Soucieux des réalités que subsument les caractéristiques sociales isolées (les variables), on peut prêter attention aux habitudes lectorales constituées antérieurement par les enquêtés, et aux spécificités des textes lus et étudiés. Celles-ci constituent les différents éléments qui déterminent la mobilisation inopportune, et plus ou moins préjudi­ciable, d’habitudes lectorales pragmatiques en contexte scolaire :

  • les textes n’opposent pas aux enquêtés de difficultés de compréhension (par projection et quiproquo ou non) et sont saisis à partir de leur ressemblance avec des textes que les lecteurs ont l’habitude d’appréhender de façon pragmatique ou évoquant des réalités que les lecteurs connaissent parce qu’ils les ont lues ou vécues ;
  • des habitudes lectorales pragmatiques fortes réinvesties en dépit des consignes lectorales analytiques : les lecteurs se laissent prendre au jeu de la participation narrative, se saisissent des textes dans une perspective éthico-pratique, ou les comprennent par projection en référence à des expériences vécues ou lues ;
  • parfois un moindre sens de la pertinence contextuelle et une moindre maîtrise des savoirs et savoir-faire empêchent de répondre aux consignes lectorales analytiques. Certains enquêtés insistent sur le fait d’avoir agi « malgré eux » ; d’autres revendiquent la légitimité de leur appréhension et contestent les consignes lectorales lycéennes ou les propositions interprétatives professorales.

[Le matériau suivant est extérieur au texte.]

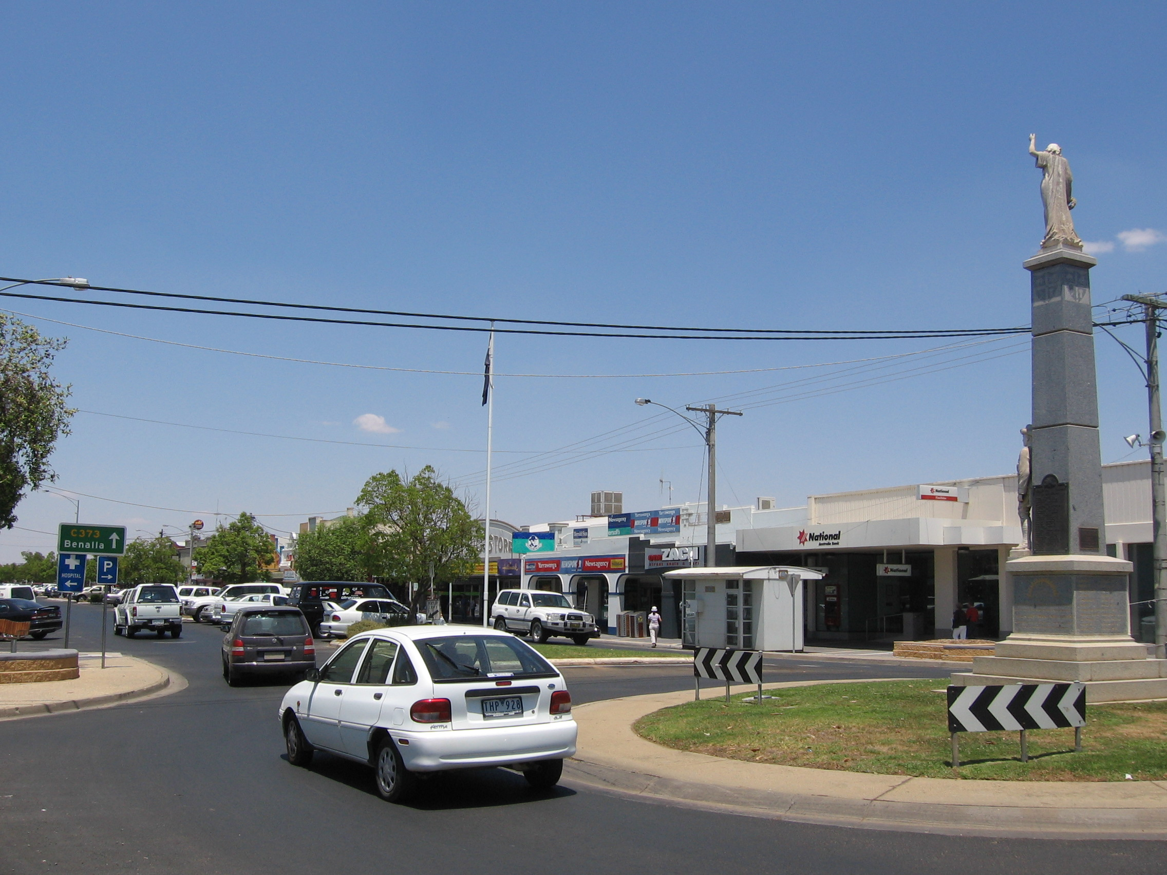 Streetscape, Yarrawonga, Victoria.

Pour approcher l’articulation des différents éléments favorisant des réactivations d’appréhensions pragmatiques des textes, on s’est attaché à reconstruire des cas de lecture. La diversité des cas présentés pointe le fait que les ressemblances entre textes et réactions lectorales sont liées aux habitudes constituées et ne sont pas inscrites dans les textes. Ces ressemblances ne correspondent pas forcément à celles reconnues scolairement.

Notes
1162.

P. Bourdieu, Le Sens pratique, op. cit., p. 93-94.

1163.

F. de Singly, Les Jeunes et la lecture, op. cit., p. 144.